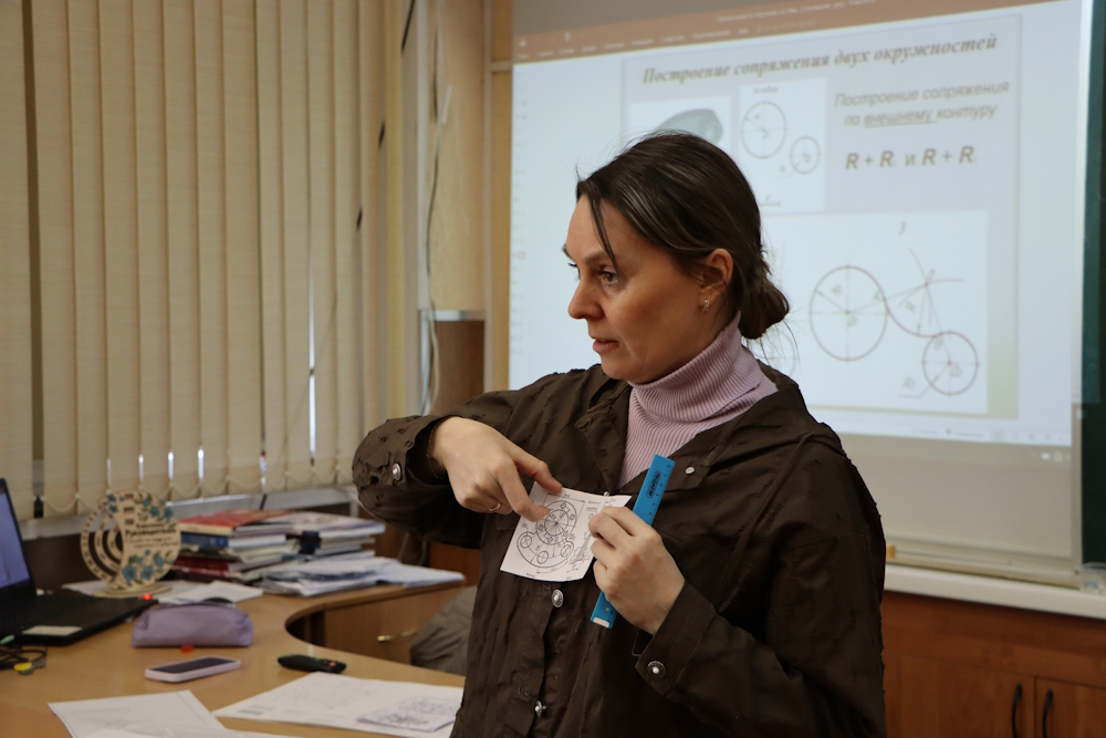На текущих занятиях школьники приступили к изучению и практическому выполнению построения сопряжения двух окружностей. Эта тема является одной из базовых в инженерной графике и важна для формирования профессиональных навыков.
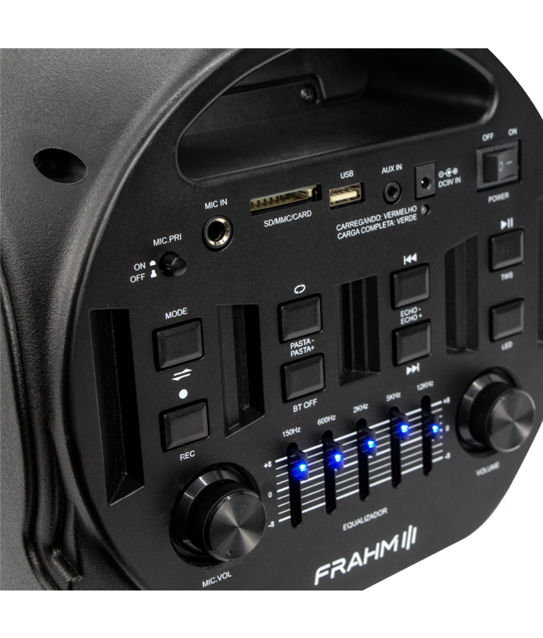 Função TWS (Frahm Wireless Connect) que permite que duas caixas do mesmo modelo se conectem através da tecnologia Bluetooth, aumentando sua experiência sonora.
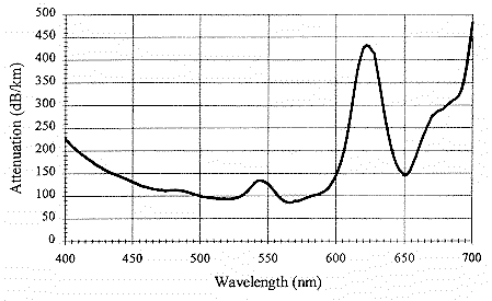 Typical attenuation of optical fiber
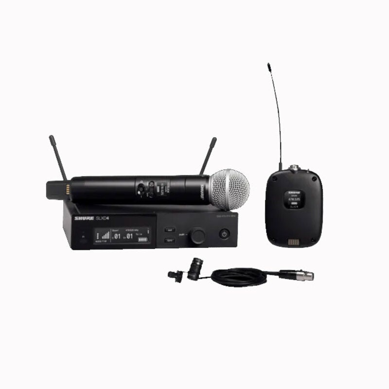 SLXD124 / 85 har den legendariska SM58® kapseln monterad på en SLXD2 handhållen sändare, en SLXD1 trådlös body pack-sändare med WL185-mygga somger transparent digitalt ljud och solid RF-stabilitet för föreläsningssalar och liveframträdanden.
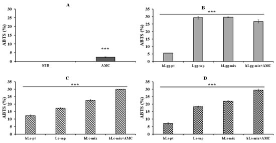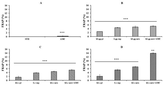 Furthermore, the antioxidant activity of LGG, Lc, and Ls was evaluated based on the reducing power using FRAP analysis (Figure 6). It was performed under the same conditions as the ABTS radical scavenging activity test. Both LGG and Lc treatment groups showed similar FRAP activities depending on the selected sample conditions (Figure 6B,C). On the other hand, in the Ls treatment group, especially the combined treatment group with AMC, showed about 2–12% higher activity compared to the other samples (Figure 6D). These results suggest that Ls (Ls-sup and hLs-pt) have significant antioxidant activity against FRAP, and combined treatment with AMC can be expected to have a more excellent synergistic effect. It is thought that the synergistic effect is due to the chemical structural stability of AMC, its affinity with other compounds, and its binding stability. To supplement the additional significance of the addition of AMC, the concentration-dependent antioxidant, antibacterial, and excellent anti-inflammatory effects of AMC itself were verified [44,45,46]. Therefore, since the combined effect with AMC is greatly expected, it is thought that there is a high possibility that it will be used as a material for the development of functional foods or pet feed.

────────────────────────────────────────

> [TASK] In your answer, give every line of the listing above exactly, and do not include the images.

> [RESULT]
На текущих занятиях школьники приступили к изучению и практическому выполнению построения сопряжения двух окружностей. Эта тема является одной из базовых в инженерной графике и важна для формирования профессиональных навыков.
 Função TWS (Frahm Wireless Connect) que permite que duas caixas do mesmo modelo se conectem através da tecnologia Bluetooth, aumentando sua experiência sonora.
 Typical attenuation of optical fiber
 SLXD124 / 85 har den legendariska SM58® kapseln monterad på en SLXD2 handhållen sändare, en SLXD1 trådlös body pack-sändare med WL185-mygga somger transparent digitalt ljud och solid RF-stabilitet för föreläsningssalar och liveframträdanden.
 Furthermore, the antioxidant activity of LGG, Lc, and Ls was evaluated based on the reducing power using FRAP analysis (Figure 6). It was performed under the same conditions as the ABTS radical scavenging activity test. Both LGG and Lc treatment groups showed similar FRAP activities depending on the selected sample conditions (Figure 6B,C). On the other hand, in the Ls treatment group, especially the combined treatment group with AMC, showed about 2–12% higher activity compared to the other samples (Figure 6D). These results suggest that Ls (Ls-sup and hLs-pt) have significant antioxidant activity against FRAP, and combined treatment with AMC can be expected to have a more excellent synergistic effect. It is thought that the synergistic effect is due to the chemical structural stability of AMC, its affinity with other compounds, and its binding stability. To supplement the additional significance of the addition of AMC, the concentration-dependent antioxidant, antibacterial, and excellent anti-inflammatory effects of AMC itself were verified [44,45,46]. Therefore, since the combined effect with AMC is greatly expected, it is thought that there is a high possibility that it will be used as a material for the development of functional foods or pet feed.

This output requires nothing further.